Stress Tests
Next, we use Multi-VALUE to stress-test systems for three dialectal tasks: question answering, semantic parsing, and machine translation. We can focus on the Conversational QA task, but the results reflect the Semantic Parsing and Machine Translation results too.
CoQA is a reading comprehension benchmark where questions are conversational — in response to answers, they have follow-up questions. Baseline CoQA performance from a RoBERTa-base model is 81.1 F1. Chicano English leads to an insignificant drop, but Appalachian English drops by 3.4%, and Urban African American English drops 6.7%, while Indian English drops 7.5%. The largest performance drop is in Colloquial Singapore English, with a score of 68.8, or 18.9% worse than the Standard model. Overall, these large and statistically significant performance gaps show the pervasiveness of English dialect disparity.

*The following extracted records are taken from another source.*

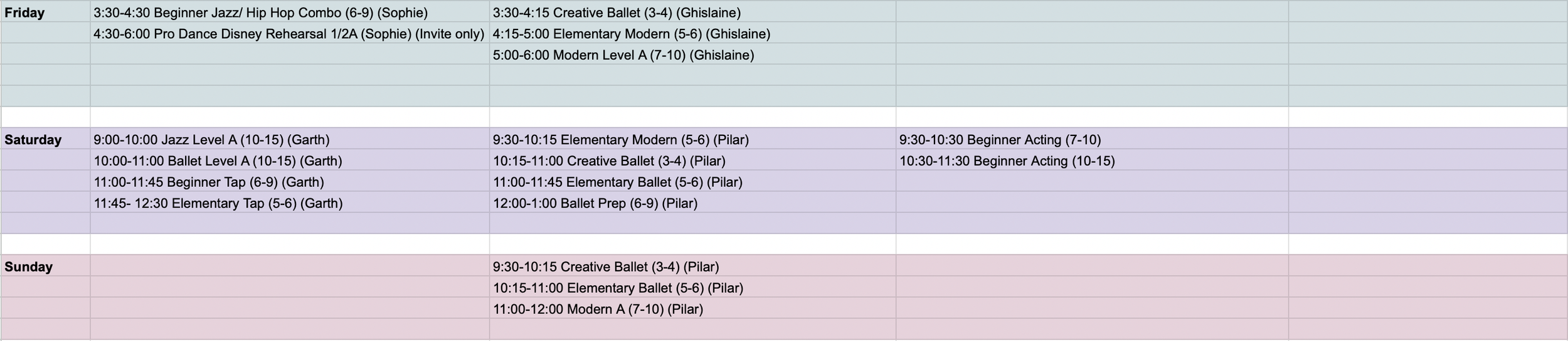 The teachers at LHG Creative do after school pick up and start teaching between 3:15 and 4pm. Children ages 3-5 can be registered for pick up for any class that starts by 4pm to ensure we have someone watching them. Children over the age of 5 who are able to sit independently in the lobby without direct teacher supervision may be picked up for classes that start at any time!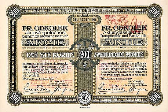 A-69145Fr. Odkolek AG Dampfmühle und Brotfabrik-1Wysocan19191 azione da 200 Corone--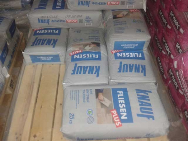 Основной компонент этой сухой смеси с минеральными добавками – цемент. Морозостойкий раствор подходит для облицовочных работ, внутренних и наружных. На плиточный клей Плюс укладывают плитку, керамогранит, натуральный или искусственный камень. Причем основанием может служить бетон, гипсокартон, ГВЛ, ЦПС и сухая стяжка Кнауф. Состав подходит для крепления низкопористых плит керамогранита

Qualitative analysis shows that dialectal errors can cascade down the conversation, leading to model failures on later unperturbed questions as well. In some cases, the transformations cause the model to respond with the wrong class of answer, like giving a noun phrase or a prepositional phrase for a simple yes/no question. Finally, we see that some of the biggest drops, like with Colloquial Singapore English, can be largely due to a handful of especially challenging features that show up in this dialect. Future work can quantitatively measure the correlations between errors and the presence of certain features across a variety of tasks.
Fine-tuning on synthetic in-dialectal training data can help close the performance gap, adding performance boosts of up to 11.4% F1, and reaching near parity with the standard model.